**Work required**
From the data below, copy exactly the lines that lie between the one holding "Carne moída, muçarela, azeitona" and the one holding "エレコム 1000BASE-T対応 スイッチングハブ", including both, and nothing more.
------ The records
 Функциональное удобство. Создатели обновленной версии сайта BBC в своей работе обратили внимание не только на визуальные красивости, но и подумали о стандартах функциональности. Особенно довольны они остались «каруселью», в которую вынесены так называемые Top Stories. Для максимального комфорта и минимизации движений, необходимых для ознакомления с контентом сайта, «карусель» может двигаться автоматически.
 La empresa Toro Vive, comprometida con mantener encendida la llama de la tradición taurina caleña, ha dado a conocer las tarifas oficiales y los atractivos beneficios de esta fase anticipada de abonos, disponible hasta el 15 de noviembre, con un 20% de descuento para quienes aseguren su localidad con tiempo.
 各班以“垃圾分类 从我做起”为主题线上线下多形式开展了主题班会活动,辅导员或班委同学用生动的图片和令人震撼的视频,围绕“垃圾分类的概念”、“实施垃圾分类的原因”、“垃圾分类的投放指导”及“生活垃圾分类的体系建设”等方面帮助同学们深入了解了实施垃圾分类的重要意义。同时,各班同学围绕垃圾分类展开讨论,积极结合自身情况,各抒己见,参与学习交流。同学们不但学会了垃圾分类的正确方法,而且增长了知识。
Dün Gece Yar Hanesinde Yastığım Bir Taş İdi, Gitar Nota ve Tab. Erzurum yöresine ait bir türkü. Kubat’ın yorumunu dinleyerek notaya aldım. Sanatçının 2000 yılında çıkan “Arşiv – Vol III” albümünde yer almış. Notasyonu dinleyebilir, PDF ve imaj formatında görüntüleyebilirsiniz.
------------
------ The records
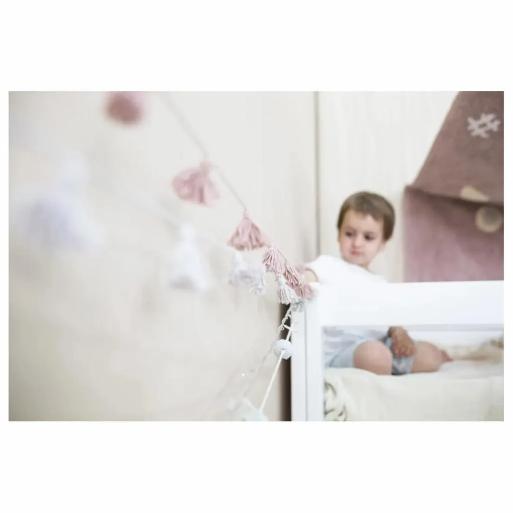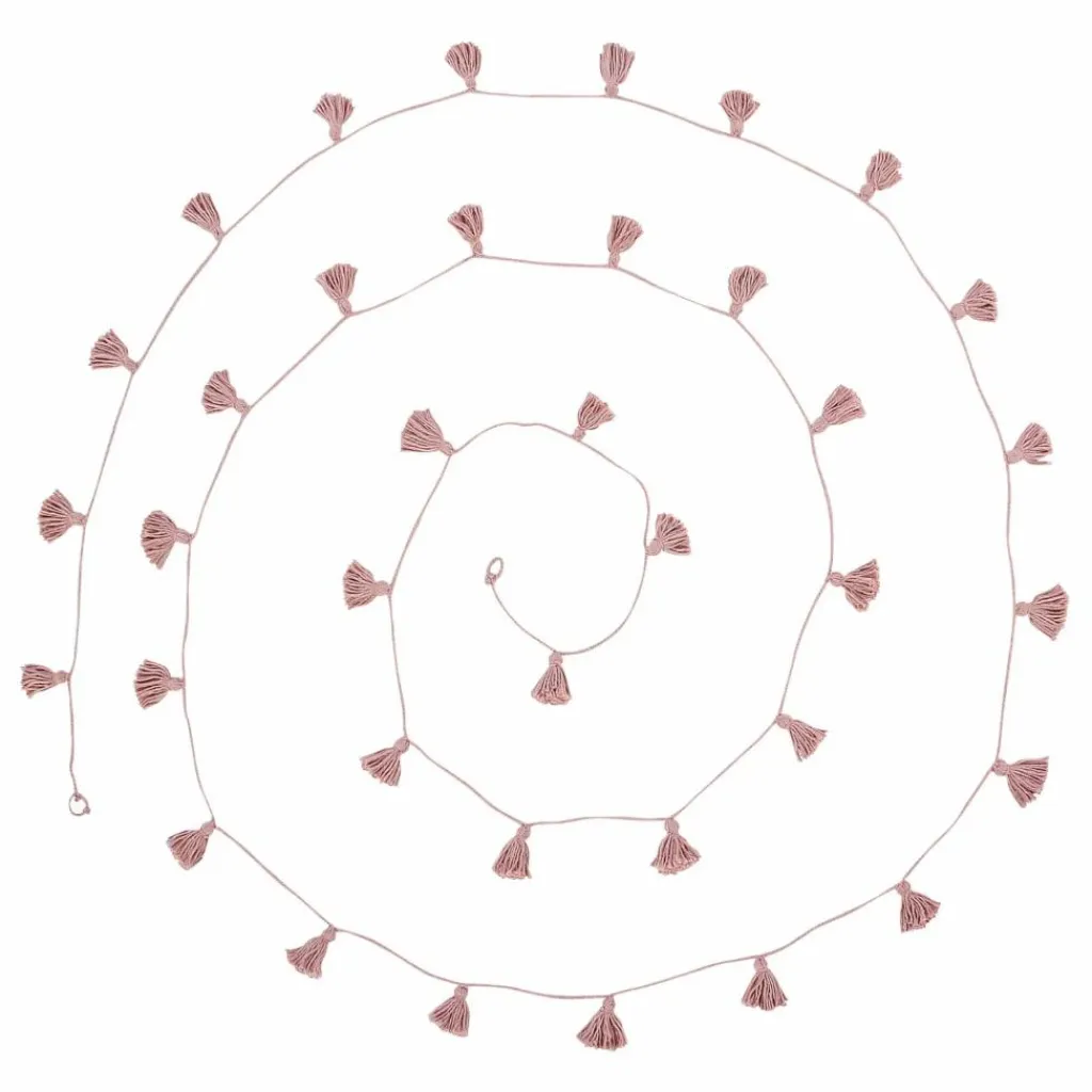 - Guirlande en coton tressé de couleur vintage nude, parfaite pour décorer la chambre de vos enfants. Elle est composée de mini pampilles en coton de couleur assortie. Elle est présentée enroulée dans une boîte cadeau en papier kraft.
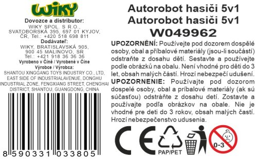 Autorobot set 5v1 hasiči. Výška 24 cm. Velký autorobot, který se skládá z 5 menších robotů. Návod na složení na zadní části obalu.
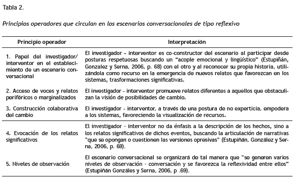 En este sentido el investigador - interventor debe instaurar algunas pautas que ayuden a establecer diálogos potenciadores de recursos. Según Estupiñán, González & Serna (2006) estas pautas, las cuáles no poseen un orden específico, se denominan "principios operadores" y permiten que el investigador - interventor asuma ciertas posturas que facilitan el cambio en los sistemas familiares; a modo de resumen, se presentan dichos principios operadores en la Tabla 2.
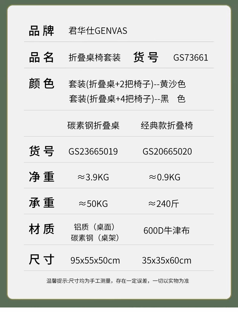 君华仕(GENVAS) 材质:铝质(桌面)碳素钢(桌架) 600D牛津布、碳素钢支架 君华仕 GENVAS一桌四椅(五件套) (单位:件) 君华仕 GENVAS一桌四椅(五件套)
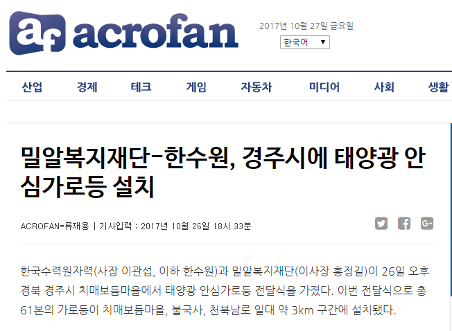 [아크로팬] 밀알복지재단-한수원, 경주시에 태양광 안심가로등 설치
------------
------ The records
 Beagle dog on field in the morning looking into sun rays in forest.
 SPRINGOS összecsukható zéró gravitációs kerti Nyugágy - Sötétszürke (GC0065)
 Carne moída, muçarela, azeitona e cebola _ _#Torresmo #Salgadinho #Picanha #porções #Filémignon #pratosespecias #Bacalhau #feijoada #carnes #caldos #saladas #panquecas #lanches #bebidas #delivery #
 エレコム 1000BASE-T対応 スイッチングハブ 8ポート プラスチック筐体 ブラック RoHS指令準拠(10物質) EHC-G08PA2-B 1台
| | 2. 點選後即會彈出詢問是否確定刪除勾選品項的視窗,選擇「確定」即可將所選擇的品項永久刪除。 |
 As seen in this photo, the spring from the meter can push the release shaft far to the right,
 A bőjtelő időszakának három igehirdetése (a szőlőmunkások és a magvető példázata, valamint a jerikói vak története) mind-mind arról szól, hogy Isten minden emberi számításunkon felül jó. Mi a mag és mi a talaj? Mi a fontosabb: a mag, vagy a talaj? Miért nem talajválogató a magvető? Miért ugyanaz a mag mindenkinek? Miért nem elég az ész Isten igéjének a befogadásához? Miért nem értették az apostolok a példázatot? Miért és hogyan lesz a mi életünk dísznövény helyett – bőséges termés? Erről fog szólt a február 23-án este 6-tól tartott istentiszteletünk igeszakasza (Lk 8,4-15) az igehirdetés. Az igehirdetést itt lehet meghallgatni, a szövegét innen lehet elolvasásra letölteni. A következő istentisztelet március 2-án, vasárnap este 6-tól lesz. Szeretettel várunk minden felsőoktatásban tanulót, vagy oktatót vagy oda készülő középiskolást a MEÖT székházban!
------------
**Solution to this task**
 Carne moída, muçarela, azeitona e cebola _ _#Torresmo #Salgadinho #Picanha #porções #Filémignon #pratosespecias #Bacalhau #feijoada #carnes #caldos #saladas #panquecas #lanches #bebidas #delivery #
 エレコム 1000BASE-T対応 スイッチングハブ 8ポート プラスチック筐体 ブラック RoHS指令準拠(10物質) EHC-G08PA2-B 1台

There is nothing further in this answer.